1) On the FPGA, by default, a deep pipeline is created so work-items can go in and come out every clock cycle. Optionally, the single pipeline can be vectored to bring more work-items in simultaneously or the entire pipeline can be duplicated to handle different workgroups simultaneously. 2) Depends on the implementation. Without vectorization, a work item goes in and comes out every clock cycle. With vectorization, all 16 can be processed in parallel. The tradeoff is always performance vs. FPGA resource use. 3) You would not want to do this. Better to use a barrier to synchronize all the work-items and write all the work-item data to global memory in one shot. 4) Yes. The compiler will coalesce memory accesses where it can. If it can't, the optimization report will indicate what implementation was selected and why coalescing could not be performed.

Thanks much sstrell, Here some more questions I have: 1) If the value of number of SIMD, really duplicates the pipelines in the compute units, then there should be a significant difference in resource usage between SIMD 8 and SIMD16. Looking at the resource usage, it tells me increasing SIMD value does not necessarily increases the amount of resource usage. Does it mean SIMD pipeline replication is efficient in terms of area growth? 3) Can you elaborate more on this? Isn't barrier introduces severe performance penalty though? 4) So you are telling there is no runtime mechanism for memory coalescing, and it's all compile time. Is that true? Cause I think for GPU is the other way.
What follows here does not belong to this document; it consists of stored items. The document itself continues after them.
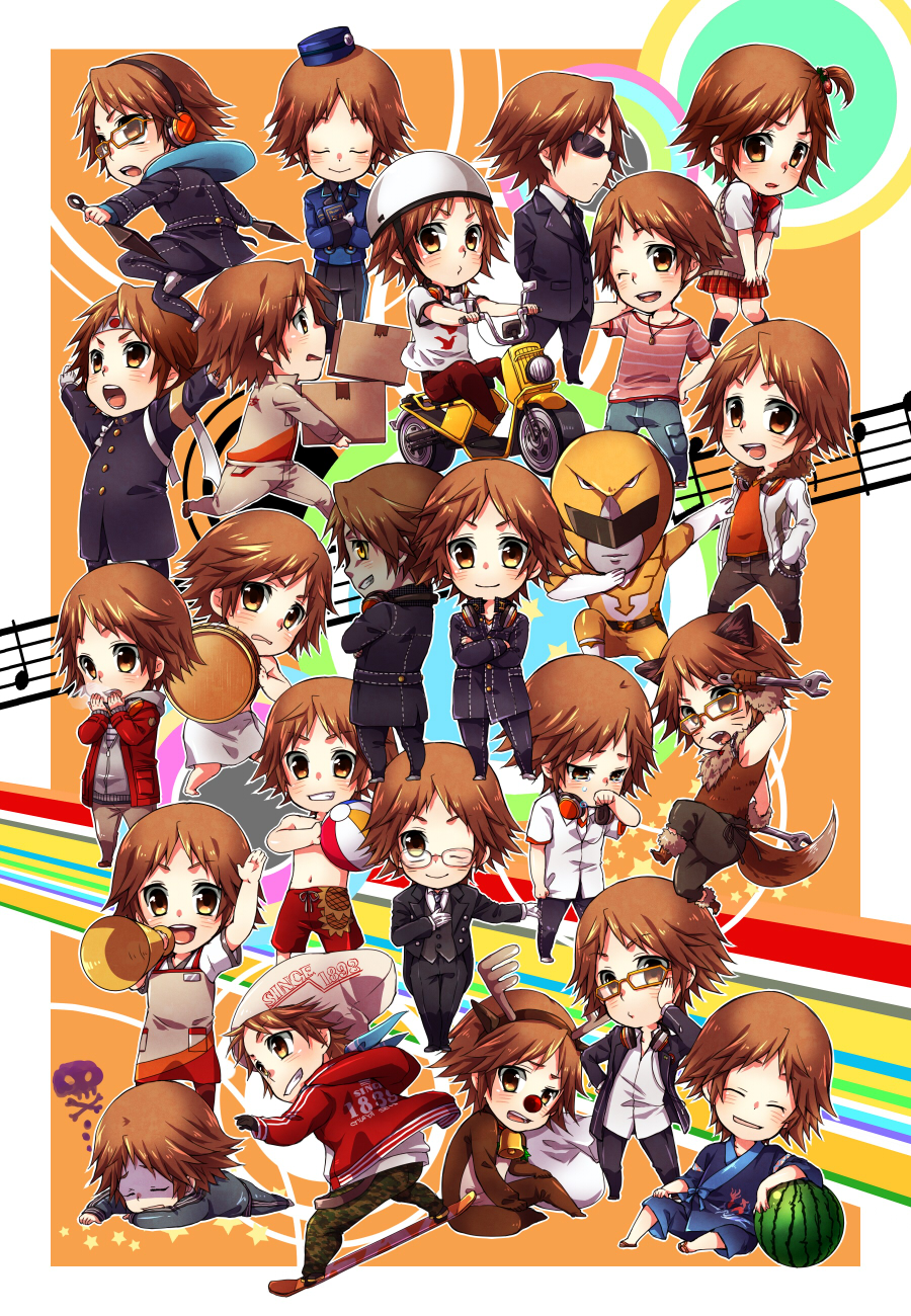 animal_costume animal_ears antlers ball beachball black_necktie bow box brown_eyes brown_footwear brown_hair bucket camouflage camouflage_pants cardboard_box chibi closed_eyes coat cosplay crossdressing crossed_arms fake_antlers food fruit glasses gloves hair_ornament hanamura_yousuke hat headphones headphones_around_neck helmet highres holding holding_ball holding_beachball holding_box holding_bucket holding_megaphone holding_weapon holding_wrench horns japanese_clothes kunai male_swimwear megaphone moped motor_vehicle musical_note necktie official_alternate_costume one_eye_closed open_mouth pants persona persona_4 persona_4_the_golden red_bow reindeer_antlers reindeer_costume school_uniform shadow_yousuke siempre skirt smile snowboard sunglasses swim_trunks tail tears theodore_(persona) theodore_(persona)_(cosplay) towel towel_around_waist watermelon weapon white_gloves winter_clothes winter_coat winter_uniform wooden_bucket wrench yasogami_school_uniform yellow-framed_eyewear yellow_eyes
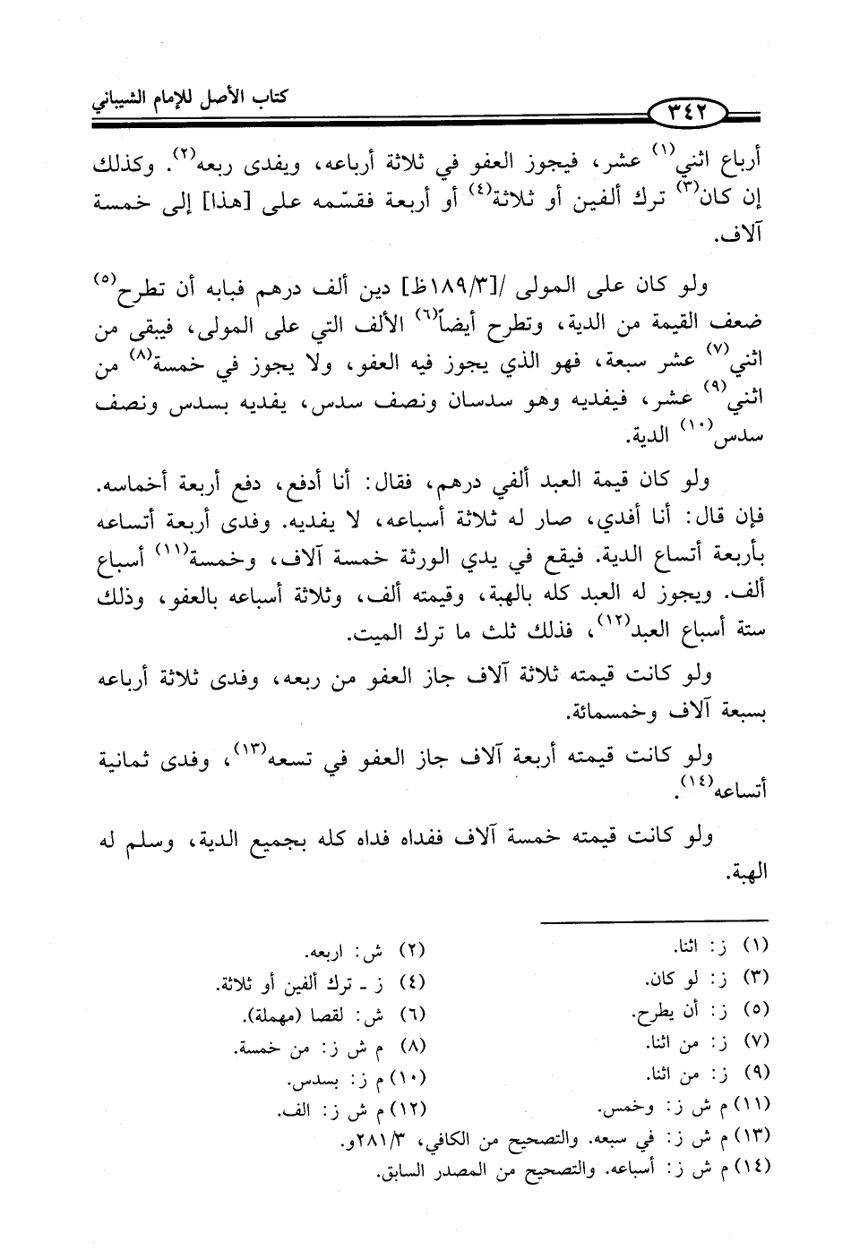 أرباع اثني (¬1) عشر، فيجوز العفو في ثلاثة أرباعه، ويفدى ربعه (¬2). وكذلك إن كان (¬3) ترك ألفين أو ثلاثة (¬4) أو أربعة فقسّمه على [هذا] إلى خمسة آلاف.
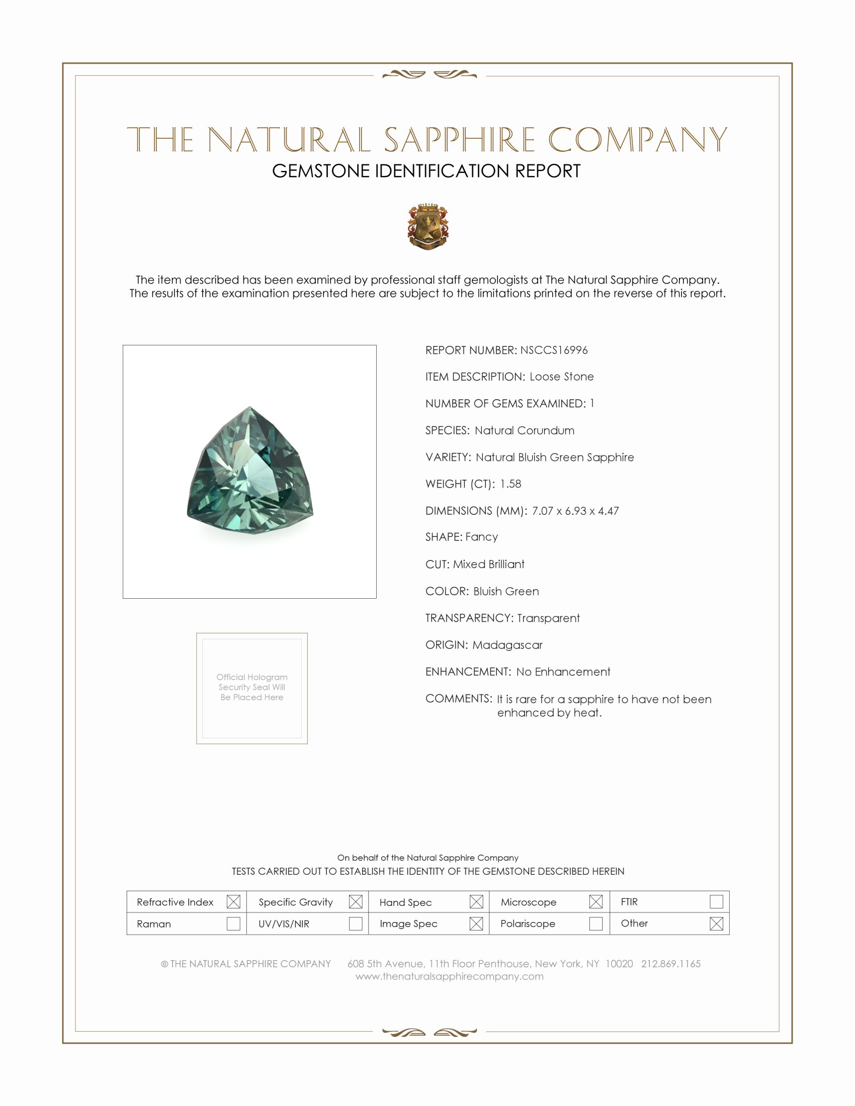 Picture yourself holding a jewel that pulses with the vibrant hues of a tranquil sea on a sunlit day a treasure that can transform not just your collection but also your cherished moments This one beautiful transparent 1.58 carat fancy shape bluish green sapphire offers more than its stunning appearance the dimensions of 7.07 x 6.93 x 4.47 mm capturing every eye that glances upon it Crafted with precision its mixed brilliant cut dazzles with a shimmering play of light revealing the sapphire's true intense color which captivates like an ocean kissed by the dancing rays of the sun Its clarity a grade of very slightly included at eye level enhances the stone's raw beauty without overshadowing its radiant intensity and lets this sapphire whisper stories of its birthplace the mysterious land of Madagascar

1) No. You should try vectorization (num_simd_work_items) first before CU replication (num_compute_units). Both use more resources, but num_simd_work_items will use less. 3) The penalty of syncing work-items before performing a memory access is much less than constant calls to global. Again, check the optimization report and use the profiler to see the affects on your design. 4) All pipeline hardware is created with the offline compile so the choice of load/store units is done at that point as well, including whether coalescing can be performed or not.

1) Alright, I totally understand the difference between num_simd_work_items and num_compute_units. What I don't understand is, how SIMDs are being implemented to achieve parallelism and low resource consumption. By low I mean really really low. I barely see increase or decrease in area by playing with the value of num_simd_work_items. That's why I came up with the conclusion that num_compute_units achieves real parallelism and num_simd_work_items just interleaves work item one after the other. 2) Can you elaborate more on Barrier implementation? I believe even after all workitems in the workgroup hit the barrier, then they should do their write operations one after the other. I doubt after hitting barrier all 256 workitems in the workgroup can execute their write instruction in the OpenCL code.

1) With vectorization, all the control logic is shared, minimizing the extra resources required, so more work-items go into the pipeline in parallel. It is still pipelined, so if you vectorize to, say, 16, you can still put in 16 work-items each clock cycle and get 16 work-items out each clock cycle. If the pipeline is not vectorized, work-items go in the pipeline one at a time, but you get a constant throughput of 1 work-item per clock cycle assuming no stalls in the pipeline. 2) No, the barrier works just as you say. All work-items pause at the barrier, usually done before a memory operation. The hardware is implemented to handle this. Remember, you're creating FPGA hardware, which is completely customized on the way you write the code, so if you use a barrier and then perform a memory operation, LSUs are selected to handle this in the most efficient way possible (coalescence). Thus, in most cases, you want to also specify a required or maximum number of work-items since this tells the compiler how to organize the LSUs to be most efficient.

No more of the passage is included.